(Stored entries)
· · · · ·

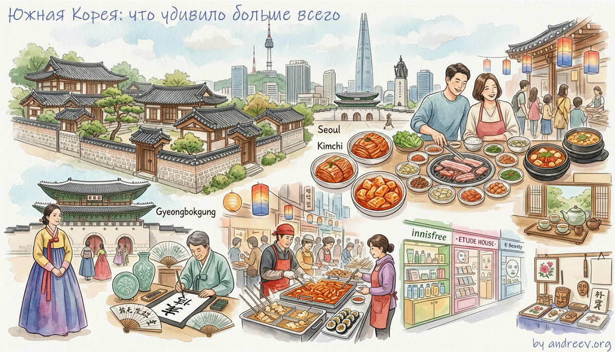 Южная Корея оставляет после себя цельное, но неоднозначное впечатление: страна, где древние традиции уживаются с гипертехнологичным настоящим, где язык кажется логичным, но непривычным, культ внешности — почти нормой, еда — отдельной вселенной, а вождение — испытанием на терпение. Это путешествие не про «идеально», а про контрасты: про моменты, которые искренне восхищают, и детали, к которым нужно привыкнуть.
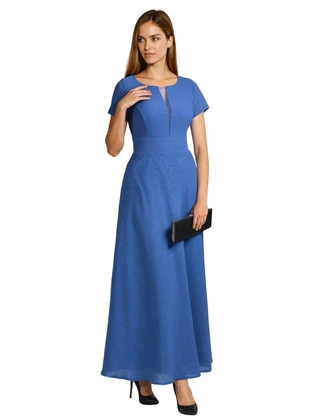 Elegancka sukienka wyszczuplająca 14407, wieczorowa kreacja z błyszczącym topem.
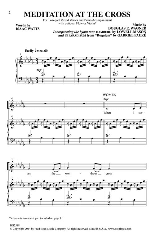 Meditation At The Cross Fred Bock Publications 2 Part Mixed Dougl
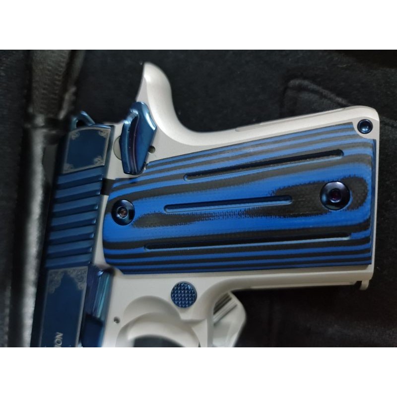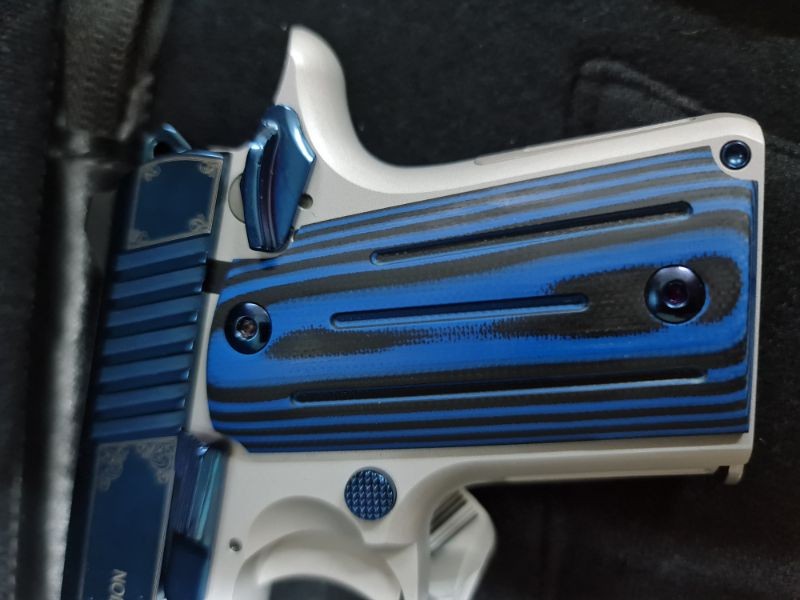 Yurtdışından yeni getirilmiş SIFIR 9mm silah. Kompakt yapıda ve estetiktir. Sürgüsü mavi titanyum kaplamadır. Ekstra 2 adet şarjörü ile birlikte verilecektir. --- ÖZELLİKLER Yükseklik (inç) namluya 90°: 10.33 cm Boş şarjörlü ağırlık (ons): 442.23 gram Uzunluk (inç): 15.5 cm Şarjör kapasitesi: 6 Tam uzunlukta kılavuz çubuk Çok yönlü başparmak güvenliği --- Çerçevesi saten gümüş kaplama Küçük parçalarda parlak mavi PVD kaplama --- WhatsApp üzerinden ulaşabilirsiniz. Takaslar değerlendirilir.
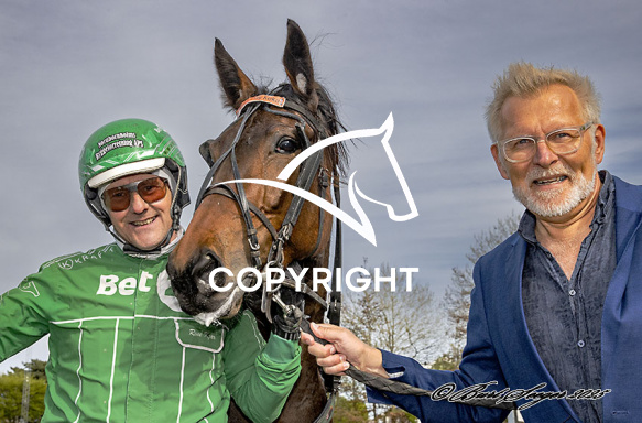 - Billede Beskrivelse: KNIGHT'N DAY KEKA med Rene Kjær 4. løbs vinder, på Charlottenlund d. 2025-05.02. Photo: Burt Seeger.
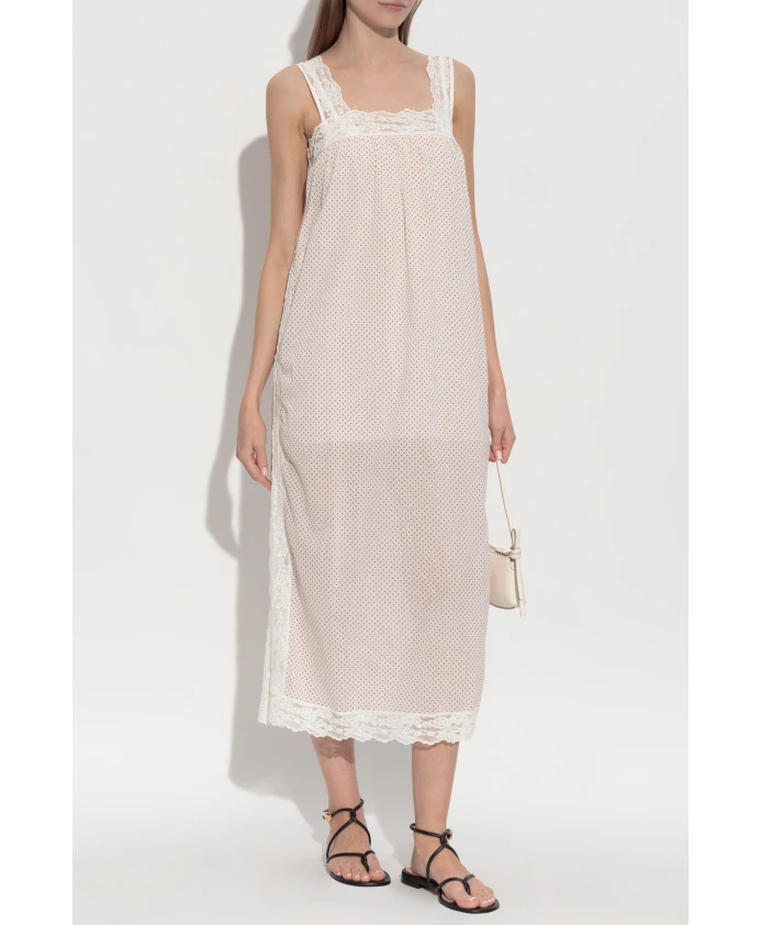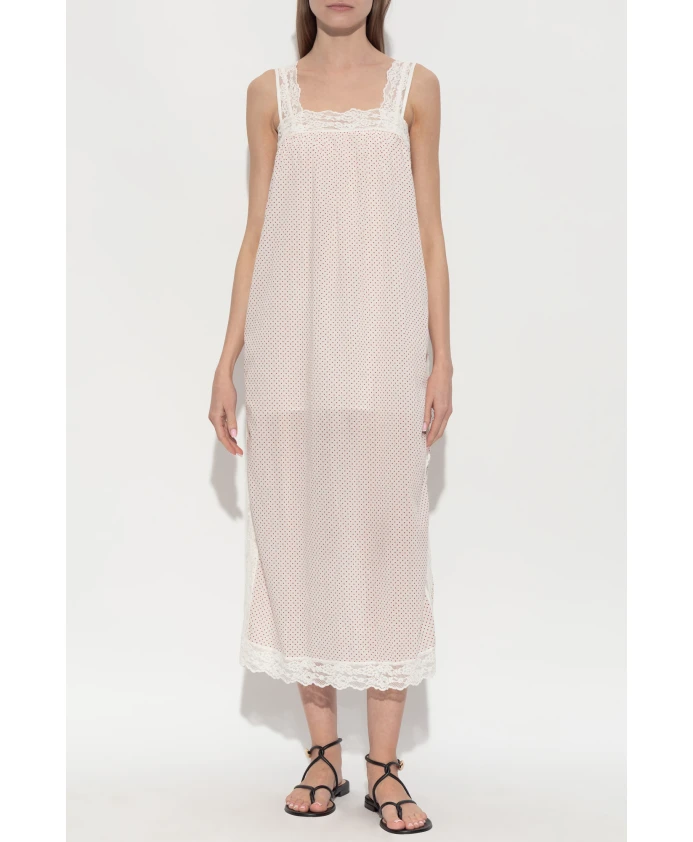 Платье Marlowe от POSSE сочетает в себе насыщенный кремовый хлопковый материал с мелкими красными точками и широкой кружевной отделкой, создавая воздушный, элегантный силуэт миди, идеально подходящий для дневных мероприятий и поездок на выходные. Ключевые особенности: Кремовый | Красный | Хлопок | Легкая, воздушная ткань | Дышащая ткань | Скрытая застежка-молния сбоку | На подкладке | Квадратный вырез | Кружевная отделка на вырезе, бретелях, по бокам и подоле | Удлиненный силуэт миди | Красный узор в горошек | Без видимых логотипов | Размеры и посадка: Рост модели: 177 см | Обхват груди модели: 83 см | Обхват талии модели: 61 см | Обхват бедер модели: 89 см | Модель носит размер: S | Удлиненный силуэт миди без выраженной талии | Состав и уход: Верхний слой: 100% хлопок | Подкладка: 100% хлопок | Ручная стирка в холодной воде

· · · · ·

- _Work instructions_
With the pictures omitted, print precisely the lines from the one with "- Billede Beskrivelse: KNIGHT'N" to the final line of the records, both included.

- _Answer below_
 - Billede Beskrivelse: KNIGHT'N DAY KEKA med Rene Kjær 4. løbs vinder, på Charlottenlund d. 2025-05.02. Photo: Burt Seeger.
 Платье Marlowe от POSSE сочетает в себе насыщенный кремовый хлопковый материал с мелкими красными точками и широкой кружевной отделкой, создавая воздушный, элегантный силуэт миди, идеально подходящий для дневных мероприятий и поездок на выходные. Ключевые особенности: Кремовый | Красный | Хлопок | Легкая, воздушная ткань | Дышащая ткань | Скрытая застежка-молния сбоку | На подкладке | Квадратный вырез | Кружевная отделка на вырезе, бретелях, по бокам и подоле | Удлиненный силуэт миди | Красный узор в горошек | Без видимых логотипов | Размеры и посадка: Рост модели: 177 см | Обхват груди модели: 83 см | Обхват талии модели: 61 см | Обхват бедер модели: 89 см | Модель носит размер: S | Удлиненный силуэт миди без выраженной талии | Состав и уход: Верхний слой: 100% хлопок | Подкладка: 100% хлопок | Ручная стирка в холодной воде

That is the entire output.